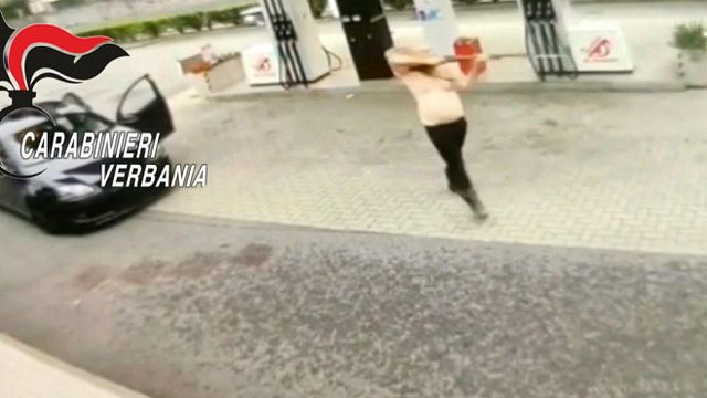 In un video ripreso dalle telecamere di sicurezza della stazione di rifornimento di Meina, si vede l'uomo a torso nudo mentre imbraccia il fucile, che si sposta minaccioso verso chi passa, per risalire poi in auto e ripartire di colpo, con la portiera ancora aperta. Viaggiava su di una vettura di grossa cilindrata, un Volkswagen, successivamente risultata rubata, così come la targa.
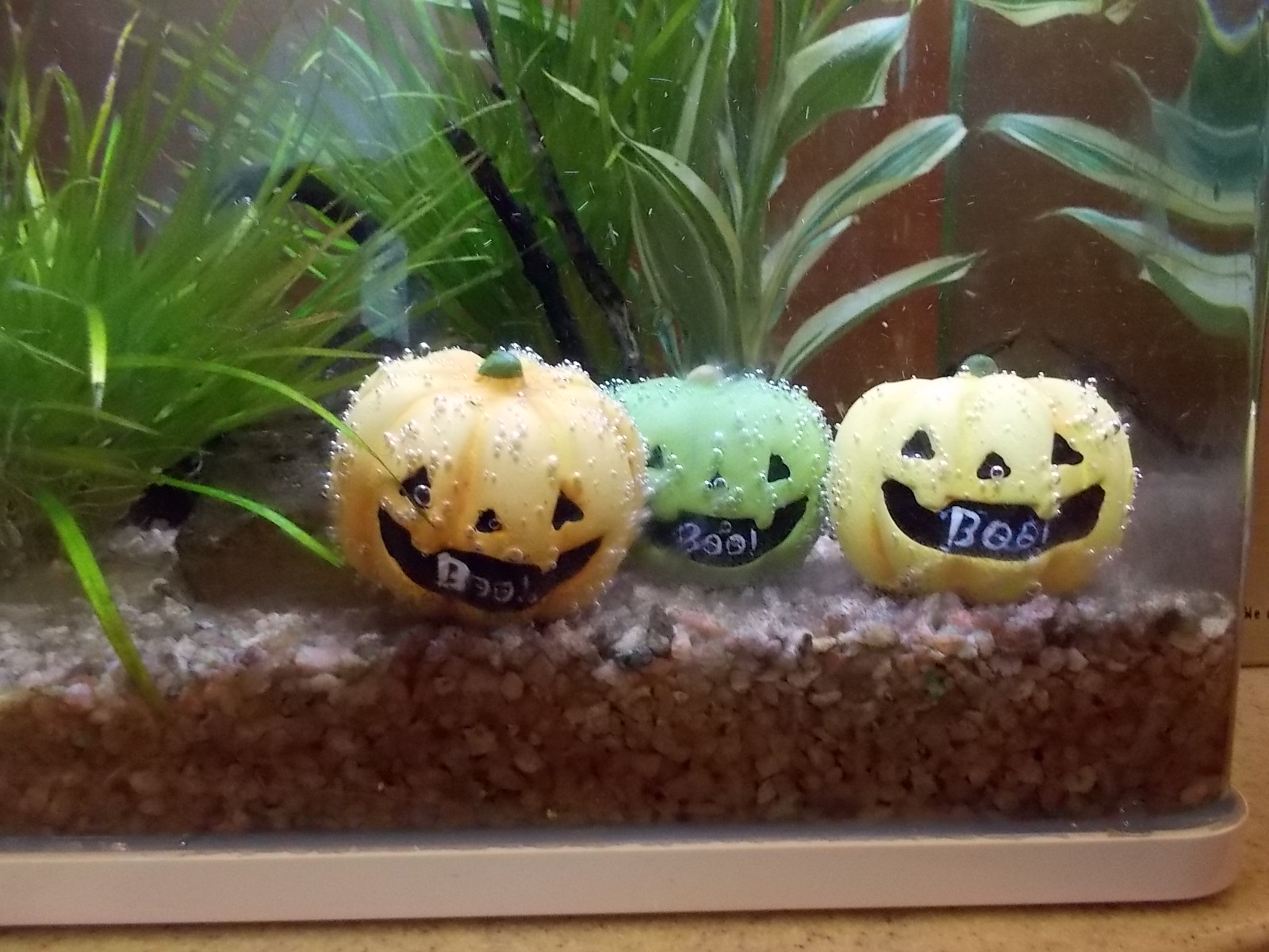 水槽の中に可愛い3つのカボチャさんがいます。
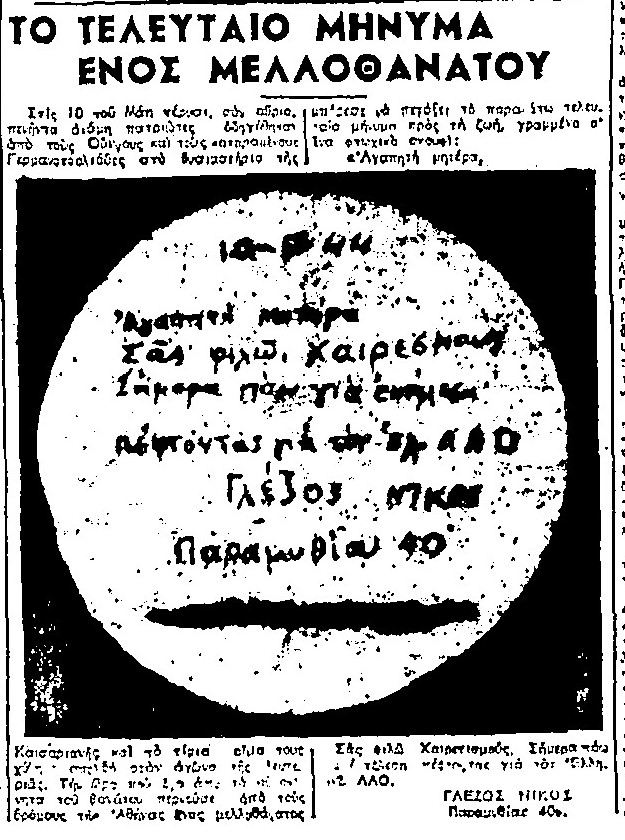 Στην τελευταία περίοδο της Κατοχής, και ενώ πια είχε δυναμώσει η Αντίσταση, αλλά και οι εμφύλιες ελληνικές συγκρούσεις, στις 10 Μαΐου 1944, εκτελέστηκε στο Σκοπευτήριο της Καισαριανής ο μικρότερος αδελφός του, Νίκος Γλέζος, με δεκάδες άλλους αγωνιστές. Στον «Ριζοσπάστη» της 9ης Μαΐου 1945, στην πρώτη επέτειο του θανάτου του, δημοσιεύθηκε η φωτογραφία του σημειώματος που κατάφερε να ρίξει ο θανατοποινίτης από το φορτηγό που τον μετέφερε από το Χαϊδάρι για εκτέλεση: «Σας φιλώ. Χαιρετισμούς. Σήμερα πάω για εκτέλεση πέφτοντας για τον ελ. ΛΑΟ. Γλέζος Νίκος. Παραμυθίας 40». Το δημοσίευμα:
━━━━
Task
Output the full material exactly as given, without its pictures.

Solved exercise
 In un video ripreso dalle telecamere di sicurezza della stazione di rifornimento di Meina, si vede l'uomo a torso nudo mentre imbraccia il fucile, che si sposta minaccioso verso chi passa, per risalire poi in auto e ripartire di colpo, con la portiera ancora aperta. Viaggiava su di una vettura di grossa cilindrata, un Volkswagen, successivamente risultata rubata, così come la targa.
 水槽の中に可愛い3つのカボチャさんがいます。
 Στην τελευταία περίοδο της Κατοχής, και ενώ πια είχε δυναμώσει η Αντίσταση, αλλά και οι εμφύλιες ελληνικές συγκρούσεις, στις 10 Μαΐου 1944, εκτελέστηκε στο Σκοπευτήριο της Καισαριανής ο μικρότερος αδελφός του, Νίκος Γλέζος, με δεκάδες άλλους αγωνιστές. Στον «Ριζοσπάστη» της 9ης Μαΐου 1945, στην πρώτη επέτειο του θανάτου του, δημοσιεύθηκε η φωτογραφία του σημειώματος που κατάφερε να ρίξει ο θανατοποινίτης από το φορτηγό που τον μετέφερε από το Χαϊδάρι για εκτέλεση: «Σας φιλώ. Χαιρετισμούς. Σήμερα πάω για εκτέλεση πέφτοντας για τον ελ. ΛΑΟ. Γλέζος Νίκος. Παραμυθίας 40». Το δημοσίευμα:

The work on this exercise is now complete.